All sensitivity and specificity values were calculated using only unpaired exposures during post-foundation training.

Results

Overall average performance of dogs in study

Table 5 summarizes the overall averaged sensitivity and specificity by dog for the two years of the study (4959 total dog-sample encounters). Assessment days were included if the sample was found to be PD-positive. During assessment days, sensitivity was not recorded, but specificity was. The dogs were ranked by percent sensitivity, excluding assessment days. There were 10 “top-tier” dogs (90% or higher in both sensitivity and specificity), although three of those dogs had less than 100 rounds.

Table 5 Averaged sensitivity and specificity for 23 dogs for January 2021—December 31, 2022 (top-tier dogs in bold)

For all 23 dogs in the program, the combined overall average sensitivity was 89.0% (4053 correct/4553 total encounters), and overall specificity was 86.6% (2592 passed-up human control/2993 total human control encounters). Specificity includes a lower number of encounters because sometimes dogs would alert on the PD sample before encountering the human control sample.

Average sensitivity/specificity for top-tier dogs

For dogs that achieved 90% or higher for both sensitivity and specificity (10 dogs: Sasha, Bendy, Velvet, Penny, Jaden, Hudson, Quil, Russell, River, Scarlett), the overall sensitivity was 93.5% (2163 correct/2313 total encounters) and the overall specificity was 93.3% (1452 passed up human control / 1556 total human control encounters).

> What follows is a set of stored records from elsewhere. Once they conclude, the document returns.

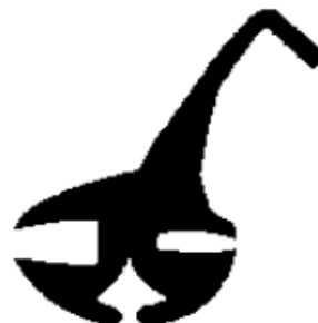
P 1.6mm, G 6.4mm W43 CARAVAN 1444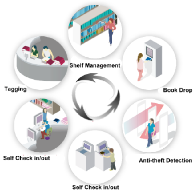
Library RFID Management System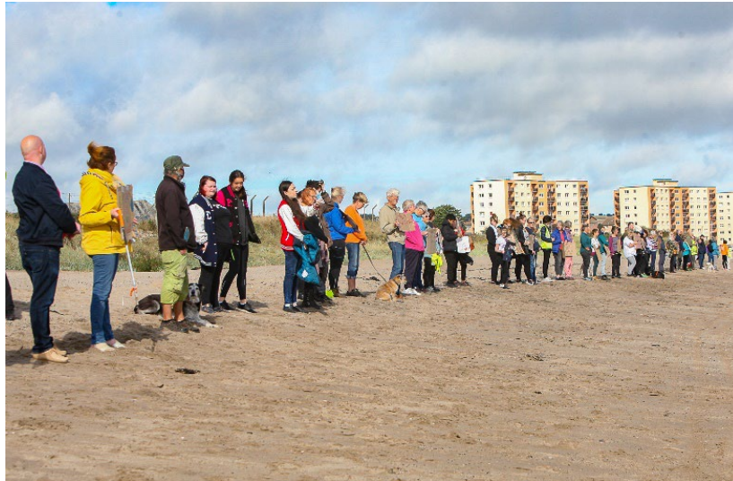
Climate Action Fife 'Line in the Sand' event

We used the learning from our development project to successfully apply for a follow on 5-year project. This will be funded by the Climate Action Fund between 2022 and 2025 and is working with 12 community and public sector partners to deliver an ambitious programme of climate action, including: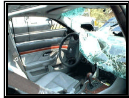
Figure 7. Interior view showing windshield integrity loss

Interior damage to the 1998 BMW 528i was severe and attributed to passenger compartment intrusion and passenger compartment integrity loss ( Figure 7 ). Integrity was lost through the windshield, roof glazing, side glazing, backlight, and the left rear door. The windshield laminate was torn along the middle and lower aspects of the right A-pillar. The laminate was split across the windshield header with the bond intact, split along the entire left A-pillar, and split 20.3 cm (8.0") along the base at the left A-pillar. The tempered glazing of the sunroof, backlight, and side doors disintegrated as a result of the crash. The left rear door opened and the trunk latch released during the crash.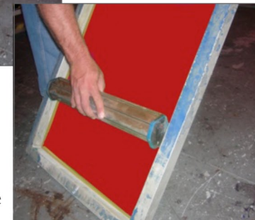
Step 2. Squeegee Side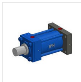
125-90-125-ME6-IPH2 Rectangular Hydraulic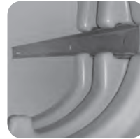
42" Joint Trench Stake P/N ST01001 (2 per ctn.)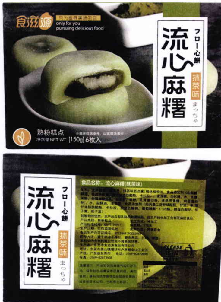
Figure 5. Unregistered ONLY FOR YOU PURSUING DELICIOUS FOOD Green Mochi-Like Food Product in Black and Green Box (In Foreign Language)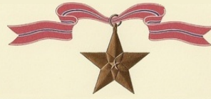
THE BRONZE STAR MEDAL WITH "V" DEVICE FOR VALOR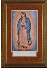
2000-01 Our Lady of Guadalupe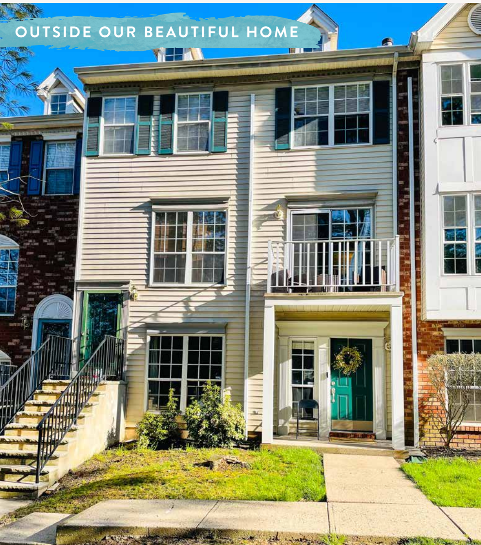
OUTSIDE OUR BEAUTIFUL HOME

OUR TOWN HAS EVEN BEEN RANKED AS one of the best places to live IN THE COUNTRY AS RANKED BY MONEY MAGAZINE. IN ADDITION, ALL OF THE CHILD'S GRANDPARENTS ARE IN THE COUNTY.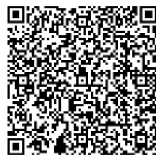
Benefits and Side Effects of Statins

Overall average performance for the dogs by AKC breed group

To show variations in breed groups represented, dogs were categorized as shown in Table 9. These groupings are based on AKC-recognized breed standards (AKC, 2023).

The combined average sensitivity and specificity for the breed groups are reported in Table 6. In most cases, there are not enough dogs in any breed group to make any inferences about particular breed sensitivity or specificity trends. In addition, each dog was raised in a different environment, and most breed groups represented in the study consist of dogs of dissimilar ages with varied days and duration of program attendance.

Table 6 Combined average percentage sensitivity and specificity for breed groups

Figure 3 represents the overall sensitivity for each dog grouped by breed, labeled with dog age. Figure 4 represents the overall specificity for each dog grouped by breed, labeled with dog age. Both Figs. 3 and 4 show that breed did not significantly influence outcomes for sensitivity and specificity for this study.

Fig. 3
figure 3

Overall sensitivity for each dog by age and breed

Fig. 4
figure 4

Overall specificity for each dog grouped by age and breed

Memorization of samples: sensitivity and specificity results when encountering all novel samples compared to previously encountered samples

The average sensitivity for first-time encounters (first round only with no warm-up round, so all first encounters were cold runs) with a novel PD sample and novel human control sample was 86.3% (139 correct/161 total encounters). The average specificity for first-time encounters (first round only) with a novel PD sample and novel human control sample was 89.0% (121 passed-up human control / 136 total human control encounters). Dogs encountered the novel samples in random order for each round, and the samples were in randomized positions in the room for each round.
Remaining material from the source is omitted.